After 1 week of adaptation, SHRs were randomly divided into 3 groups of
8 rats each: recombinant adeno-associated virus (rAAV)-miR-26a (150 μl,
i.v.); rAAV-GFP (150 μl, i.v.) (a total dose of viral particles was
2 × 1011 v.g.; the rAAV vectors we used were rAAV of
type-9; rAAV of miR-26a and vector controls was synthesized by Han Heng
Biotechnology, China); and SHR-Ctrl (normal saline 150 μl, i.v.). Six
WKY rats were normal controls (normal saline 150 μl, i.v.). Systolic
blood pressure (SBP) of the caudal artery of rats was measured every 3
to 5 days by using a non-invasive BP analysis system (BP-2000 SERIESII,
Visitech, USA).

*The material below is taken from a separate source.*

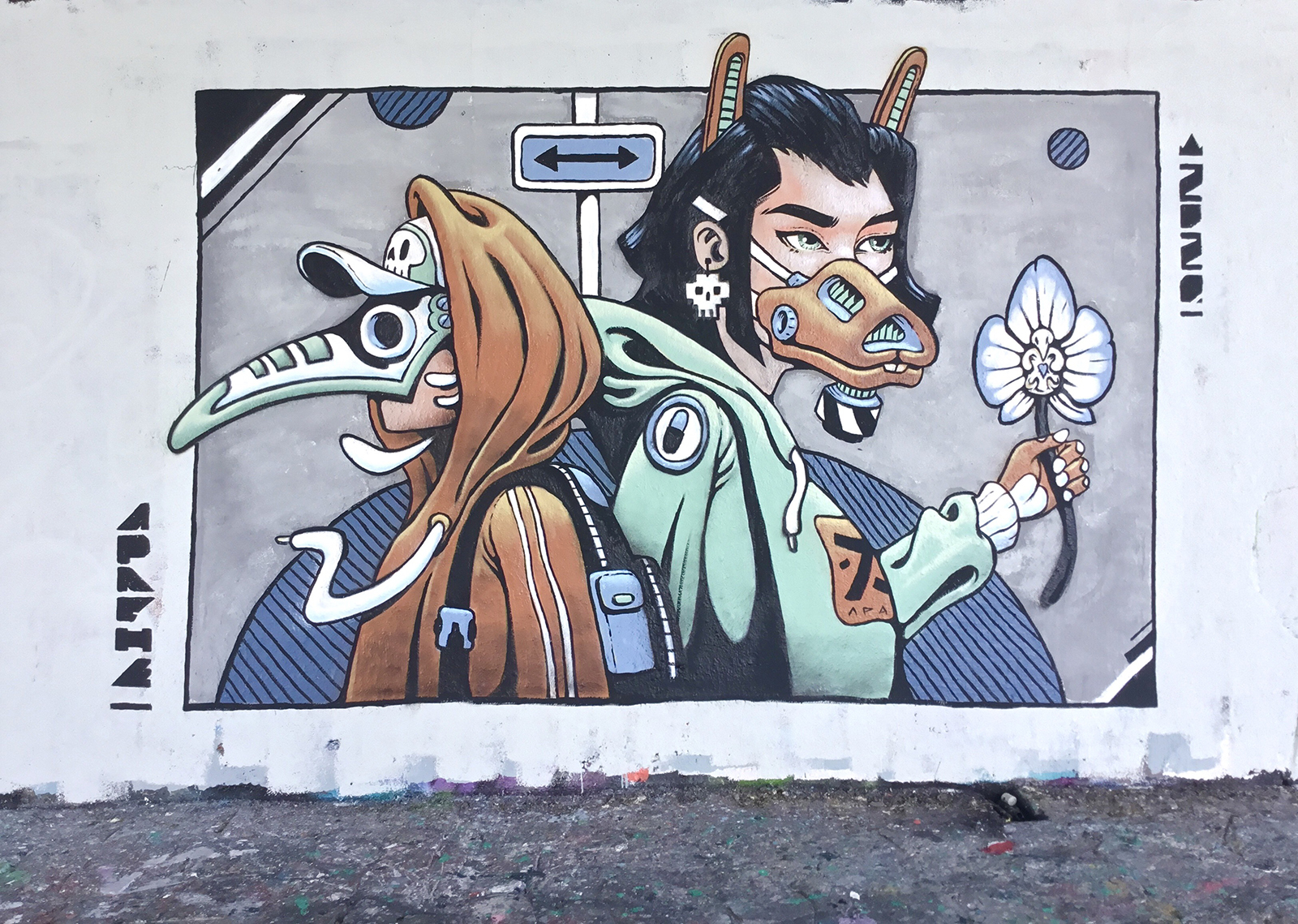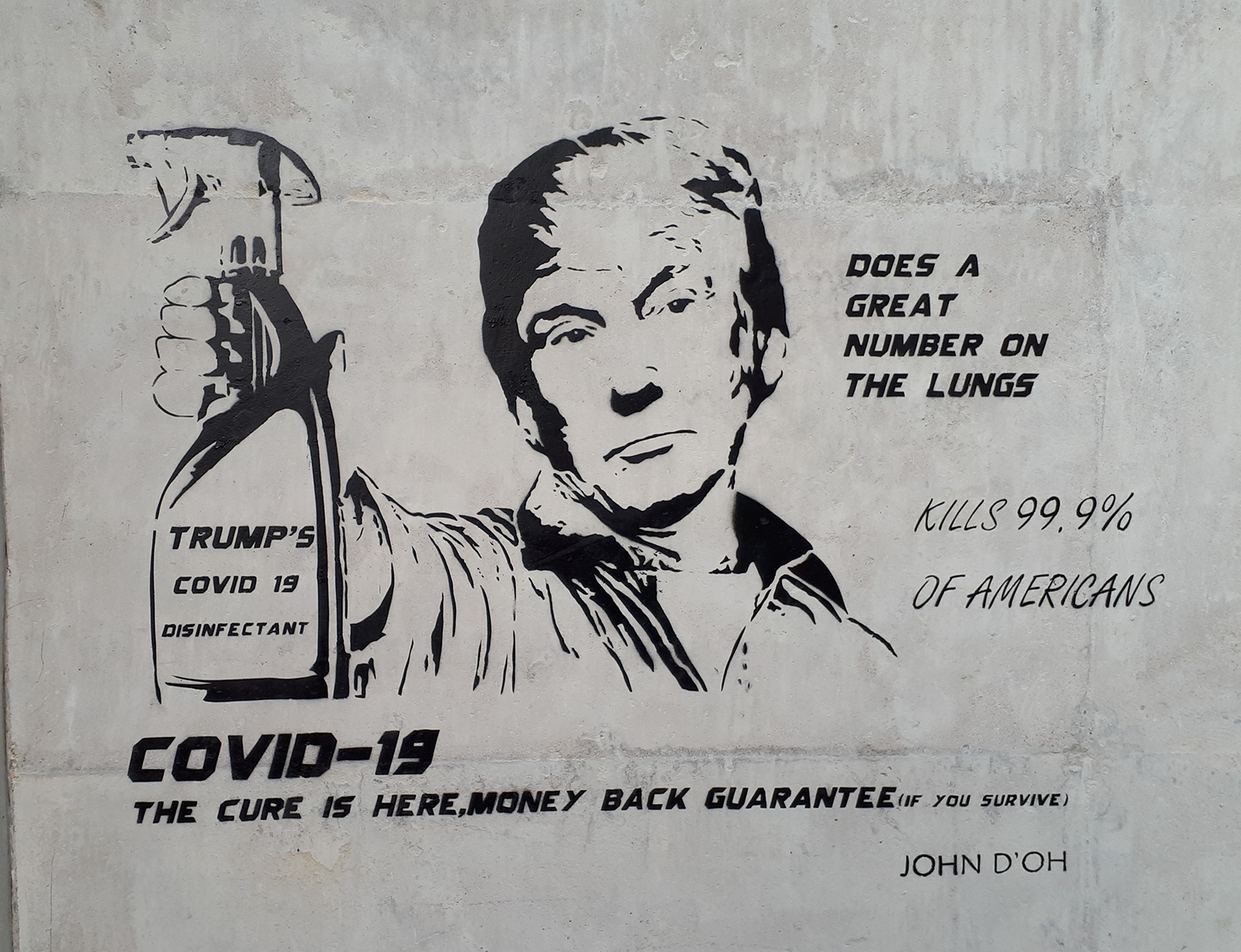 Tutte le immagini che si vedono colpiscono per un motivo o un altro. Così si vedono i personaggi di Ben Apache, a Vienna, in Austria, con maschere al viso: ma una è il Dottore della Peste e l’altra simile a un animale che cerca salvezza nella natura. I bambini di ARMX e Sweetsnini, a Cologna, in Germania, giocano con una bomba di Covid-19. BustArt, a Binningen, in Svizzera, rappresenta un’infermiera con un’ombra da Wonder Woman. Due ragazzi si baciano con le mascherine al viso travolti da colori in un’immagine di romanticismo senza tempo in uno stencil di C215, a Ivry-sur-Seine, in Francia. Un Bart Simpsons viene soffocato dentro una nube di corona virus in un’opera di Cel Out, a Melbourne, in Australia. John D’oh mostra un ringiovanito Trump con un igienizzante di sua invenzione che promette una cura, a Bristol, in Inghilterra. “STAY HOME / LIFE IS BEAUTIFUL” scrive un artista sconosciuto su un muro colorato di rosso del quartiere di Shoreditch, a Londra, in Inghilterra. Ma queste sono solo alcune delle tante impressioni che si scoprono scorrendo le pagine, quasi inseguendo la corrente impetuosa di un fiume… E, poi, c’è Pøbel, i cui amanti che si baciano appassionatamente con mascherine ai volti in un abbraccio sexy, su un muro di Bryne, in Norvegia, ho colpito talmente al cuore da finire proprio sulla copertina del libro e da divenire iconici.
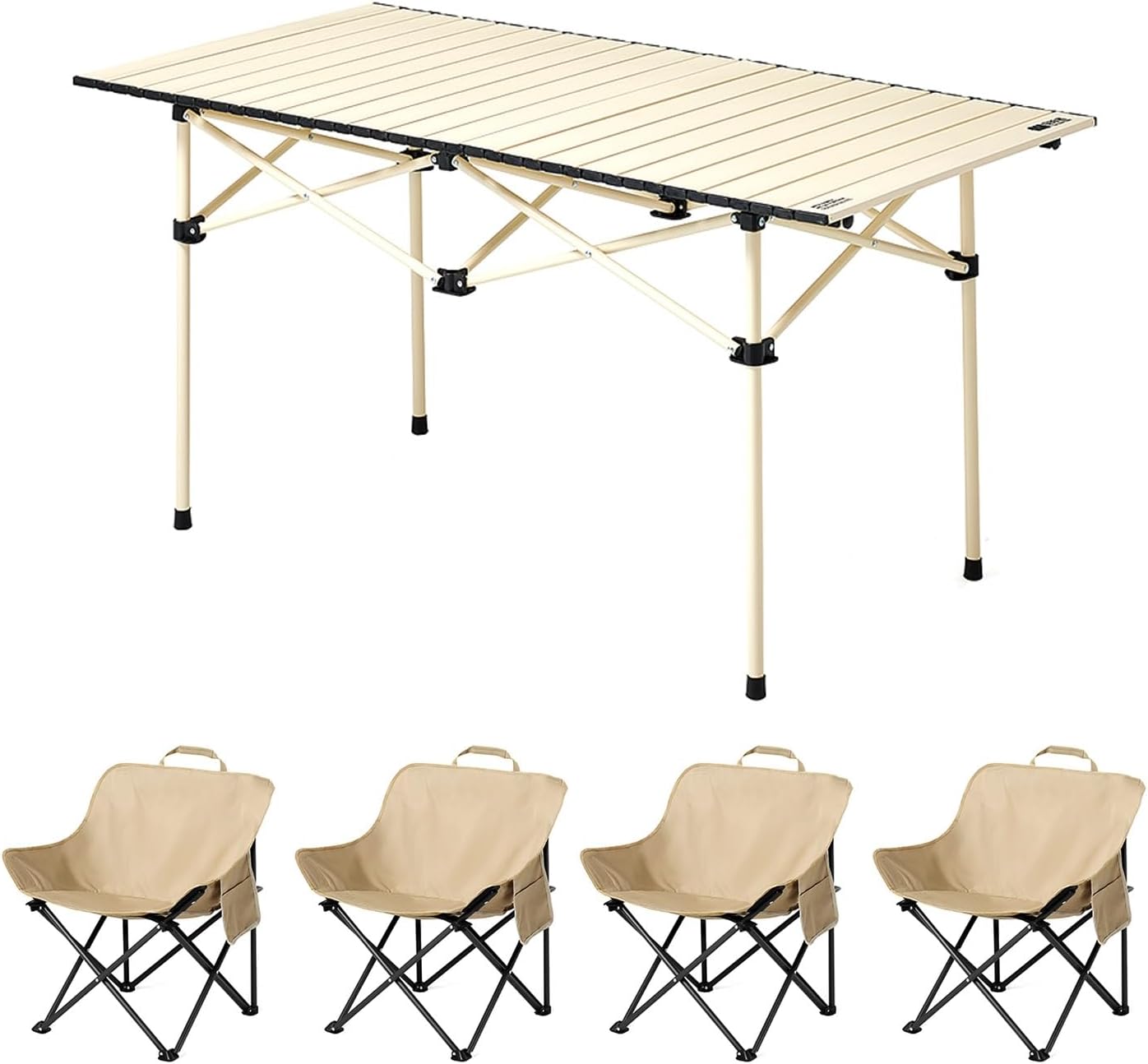 Welcome to my shop~This foldable camping table is made from high-quality materials such as aluminum alloy, solid wood, and plastic. Its sturdy and stable structure is durable and weatherproof, and its strong load-bearing capacity makes it a reliable companion for outdoor adventures, ensuring a reliable and reliable companion.This camping table is lightweight and foldable, making it portable and easy to store. It folds in seconds, taking up minimal space when folded. It's perfect for picnics, barbecues, and other occasions, making it easy to carry and enjoy the outdoors.- Name: Outdoor Folding Table and Chair Set- Color: White, Black- Material: Carbon Steel, Oxford Cloth- Table Dimensions: 54*50*55cm/21.3*19.7*21.7in, 95*55*55cm/37.4*21.7*21.7in, 121*59.5*60cm/47.6*23.4*23.6in- Chair Dimensions: 47*47*67cm/18.5*18.5*26.4in- Suitable for a variety of outdoor occasions: camping, picnics, family outings, garden parties, RV vacations, hiking, fishing, barbecues, travel, and parks.- Includes: Folding camp chairs, folding table, and carrying/storage bag.Safety Warning: When used outdoors, the chairs must not exceed a weight limit of 100kg, and the table must not exceed a weight limit of 75kg. Please ensure the table is properly installed and secured.

After 3 weeks, plasma and thoracic aortas of rats were
collected.
For mice experiments, C57BL/6 mice (n = 6 per group) received AngII
(Merck, USA, 2.0 mg/kg/d) or normal saline subcutaneously by implanted
ALZET® 2002 minipumps under isoflurane anesthesia. Two weeks later,
plasma and thoracic aortas of mice were collected.